Segment Start: Records shown

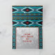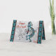 Personnalisez cette carte de Noël "unique" de Kokopelli du Sud-Ouest ! Elle présente un Kokopelli du Sud-Ouest turquoise jouant de la flûte avec des notes de musique sur un fond de Noël argenté avec des flocons de neige, entouré de bordures turquoise, rouille et noires et les mots édifiants... "Paix sur Terre" !
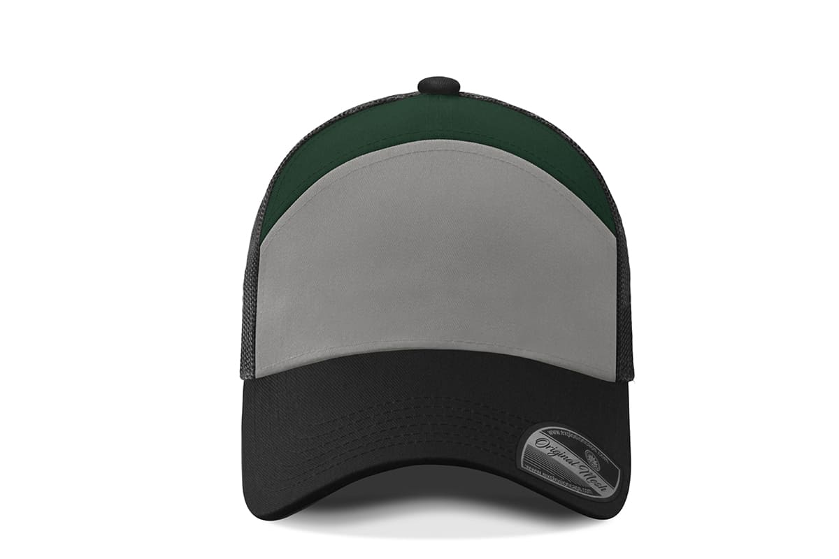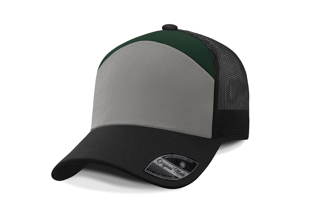 Frente superior Verde Botella, Frente centro Gris Claro, Visera Negro, Trasero Negro
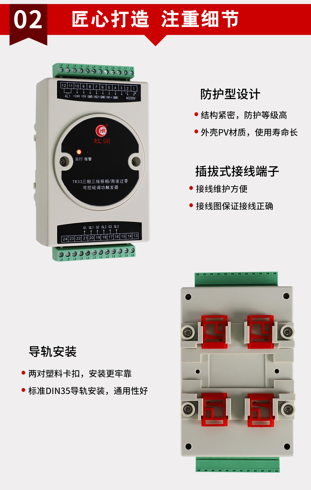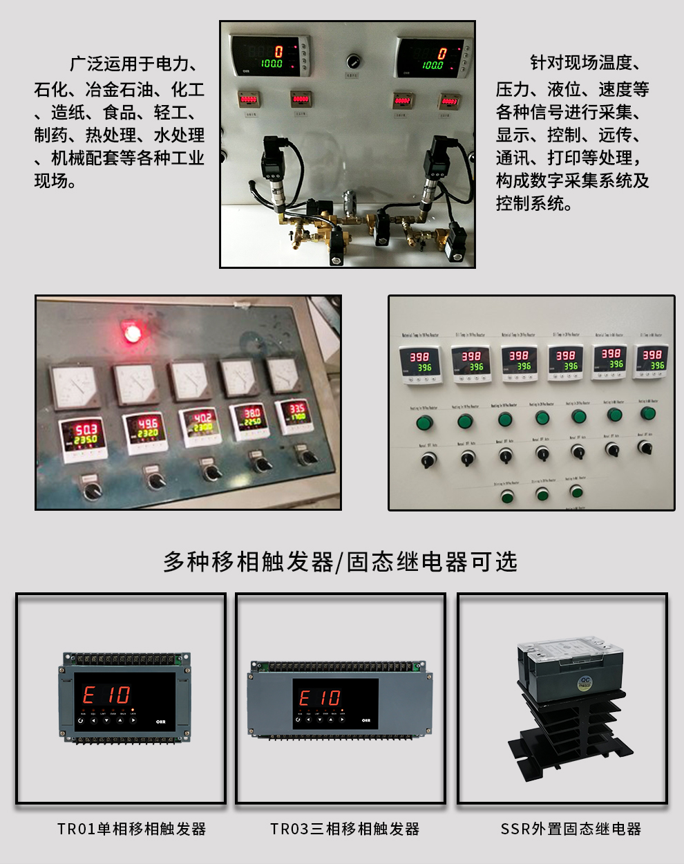 虹潤公司是專業(yè)生產(chǎn)移相觸發(fā)器的國家專精特新“小巨人”企業(yè),生產(chǎn)的移相觸發(fā)器,具有采用光電隔離設計,自動同步功能,過流保護技術(shù),電源缺相檢測,信號超限報警等特點。產(chǎn)品獲得巡回檢測顯示方法及裝置、儀表殼體等2項國家發(fā)明專利,主持起草工業(yè)過程控制系統(tǒng)用模擬輸入兩位或多位輸出儀表、物聯(lián)網(wǎng)智能溫度儀表通用技術(shù)條件等2項國家標準以及通信系統(tǒng)多通道數(shù)據(jù)采集控制終端規(guī)范軍用標準,參與國際5G標準制定,取得外置移相觸發(fā)器等2項相關軟件著作權(quán)。產(chǎn)品廣泛應用于工業(yè)溫控、電極控制、航天軍工、電爐溫控、食品醫(yī)藥等諸多領域。
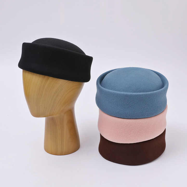 Boina de Lana Pura para Mujer, Talla Grande, Estilo Retro Británico, Elegante Sombrero de Azafata Personalizable
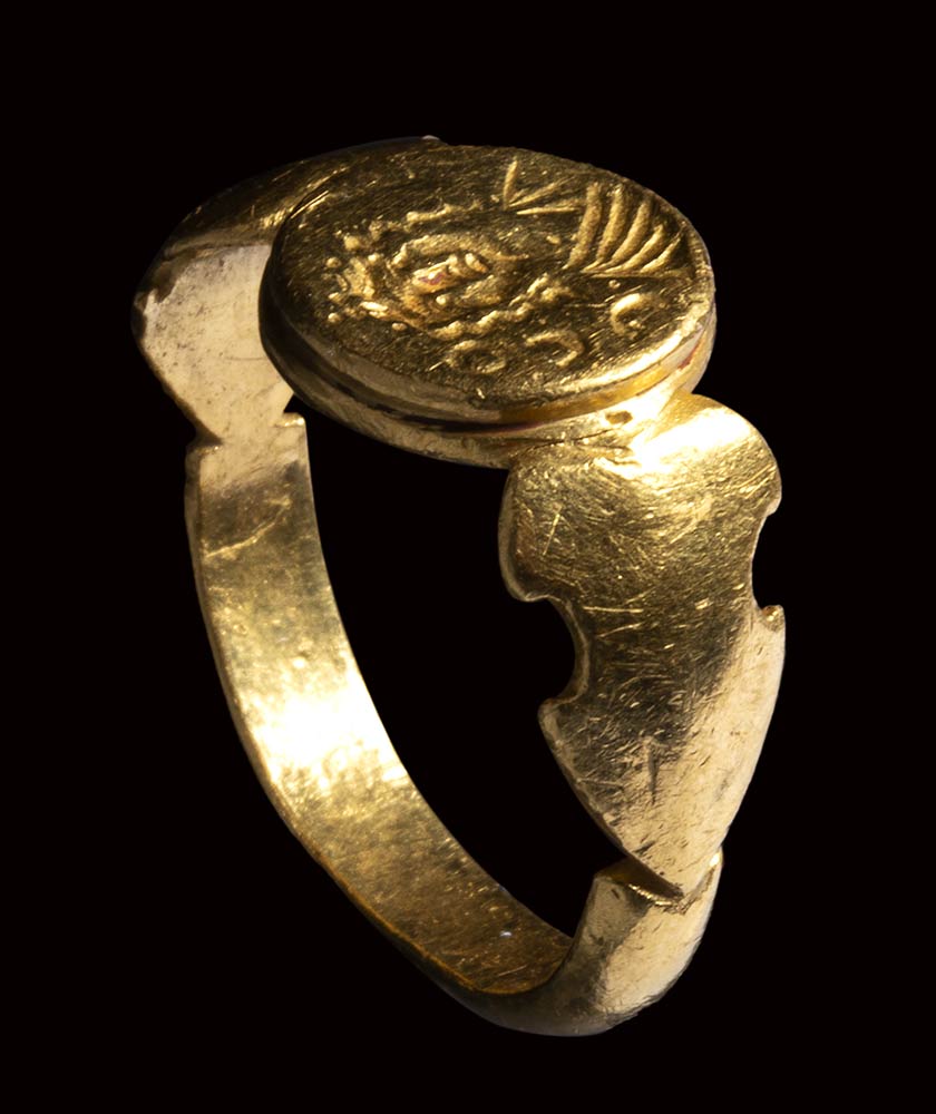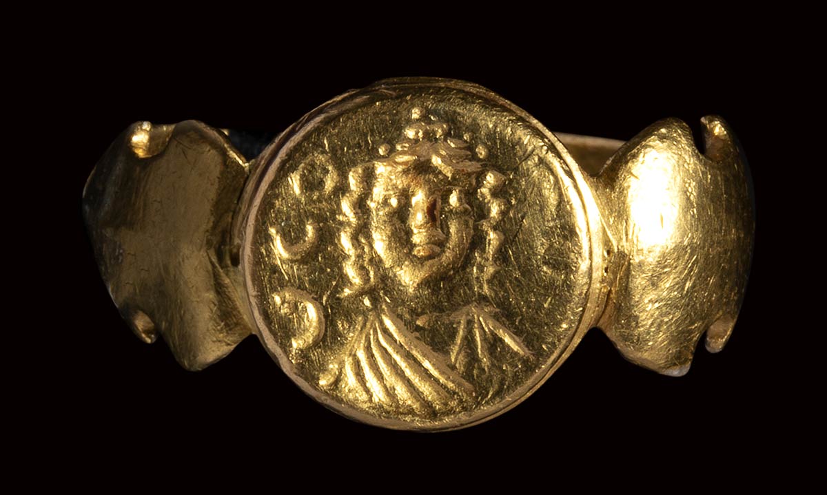 A late roman gold signet ring, with engraved bezel. Female bust with inscriptions.
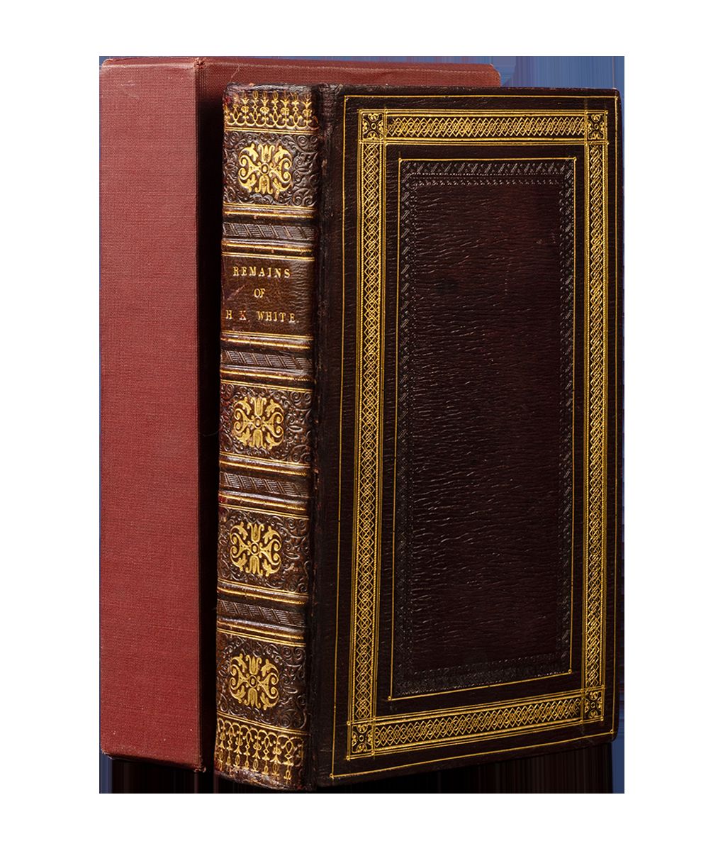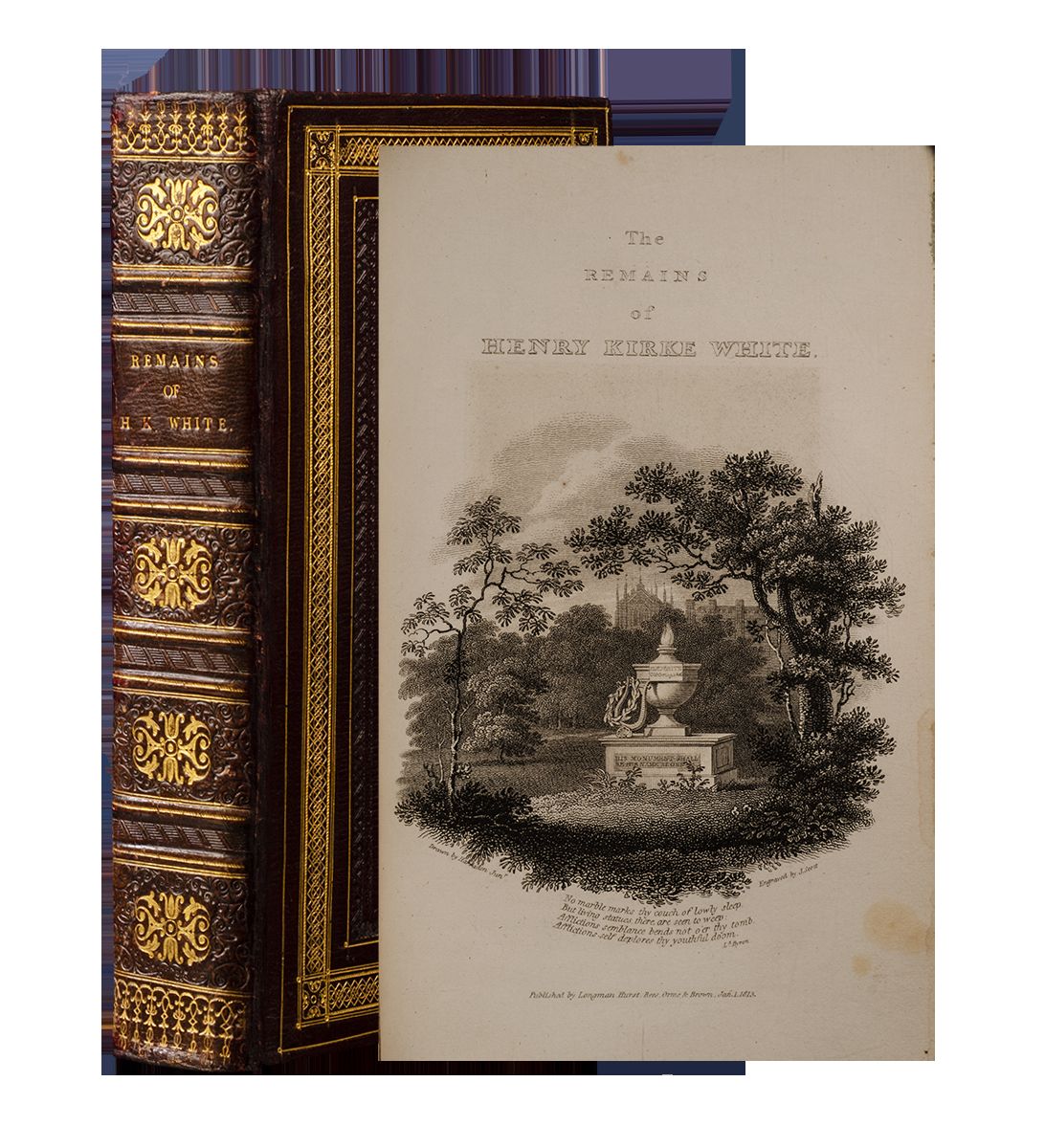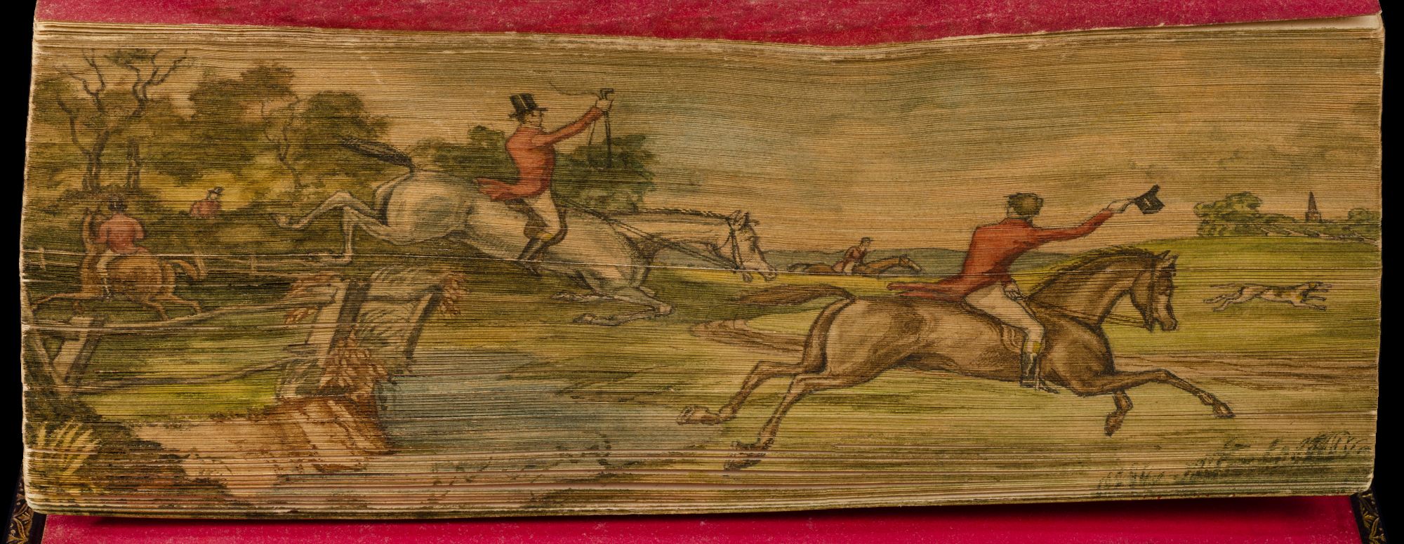 London: Longman, Hurst, Rees, Orme, and Brown, 1816. Seventh edition. Two volumes bound in one. Octavo (8 3/8 x 5 1/4 inches; 214 x 133 mm.). [i]-viii, [1]-376; [i]-viii, [1]-316 pp. Volume one with an engraved portrait frontispiece and additional vignette title; Volume two with an engraved view of the islet which he had often forded when the river was not knee-deep. Some offsetting from plates to title-pages. With a fine fore-edge painting (ca. 1935) by Lyman Young depicting a typical English county fox-hunting scene with hounds and riders. The fore-edge is signed by Lyman Young on the final free-endpaper. Full contemporary maroon straight-grain morocco, covers decoratively bordered in gilt, spine with four shallow raised bands, decoratively tooled and lettered in gilt, gilt decorated turn-ins, red paper endleaves. Minor repairs to the outer joints, near the crown. Housed in a later red cloth slipcase.

Segment End: Records shown

### Exercise directions
Exclude the pictures and print the rest of the data exactly.

### Task answer
 Personnalisez cette carte de Noël "unique" de Kokopelli du Sud-Ouest ! Elle présente un Kokopelli du Sud-Ouest turquoise jouant de la flûte avec des notes de musique sur un fond de Noël argenté avec des flocons de neige, entouré de bordures turquoise, rouille et noires et les mots édifiants... "Paix sur Terre" !
 Frente superior Verde Botella, Frente centro Gris Claro, Visera Negro, Trasero Negro
 虹潤公司是專業(yè)生產(chǎn)移相觸發(fā)器的國家專精特新“小巨人”企業(yè),生產(chǎn)的移相觸發(fā)器,具有采用光電隔離設計,自動同步功能,過流保護技術(shù),電源缺相檢測,信號超限報警等特點。產(chǎn)品獲得巡回檢測顯示方法及裝置、儀表殼體等2項國家發(fā)明專利,主持起草工業(yè)過程控制系統(tǒng)用模擬輸入兩位或多位輸出儀表、物聯(lián)網(wǎng)智能溫度儀表通用技術(shù)條件等2項國家標準以及通信系統(tǒng)多通道數(shù)據(jù)采集控制終端規(guī)范軍用標準,參與國際5G標準制定,取得外置移相觸發(fā)器等2項相關軟件著作權(quán)。產(chǎn)品廣泛應用于工業(yè)溫控、電極控制、航天軍工、電爐溫控、食品醫(yī)藥等諸多領域。
 Boina de Lana Pura para Mujer, Talla Grande, Estilo Retro Británico, Elegante Sombrero de Azafata Personalizable
 A late roman gold signet ring, with engraved bezel. Female bust with inscriptions.
 London: Longman, Hurst, Rees, Orme, and Brown, 1816. Seventh edition. Two volumes bound in one. Octavo (8 3/8 x 5 1/4 inches; 214 x 133 mm.). [i]-viii, [1]-376; [i]-viii, [1]-316 pp. Volume one with an engraved portrait frontispiece and additional vignette title; Volume two with an engraved view of the islet which he had often forded when the river was not knee-deep. Some offsetting from plates to title-pages. With a fine fore-edge painting (ca. 1935) by Lyman Young depicting a typical English county fox-hunting scene with hounds and riders. The fore-edge is signed by Lyman Young on the final free-endpaper. Full contemporary maroon straight-grain morocco, covers decoratively bordered in gilt, spine with four shallow raised bands, decoratively tooled and lettered in gilt, gilt decorated turn-ins, red paper endleaves. Minor repairs to the outer joints, near the crown. Housed in a later red cloth slipcase.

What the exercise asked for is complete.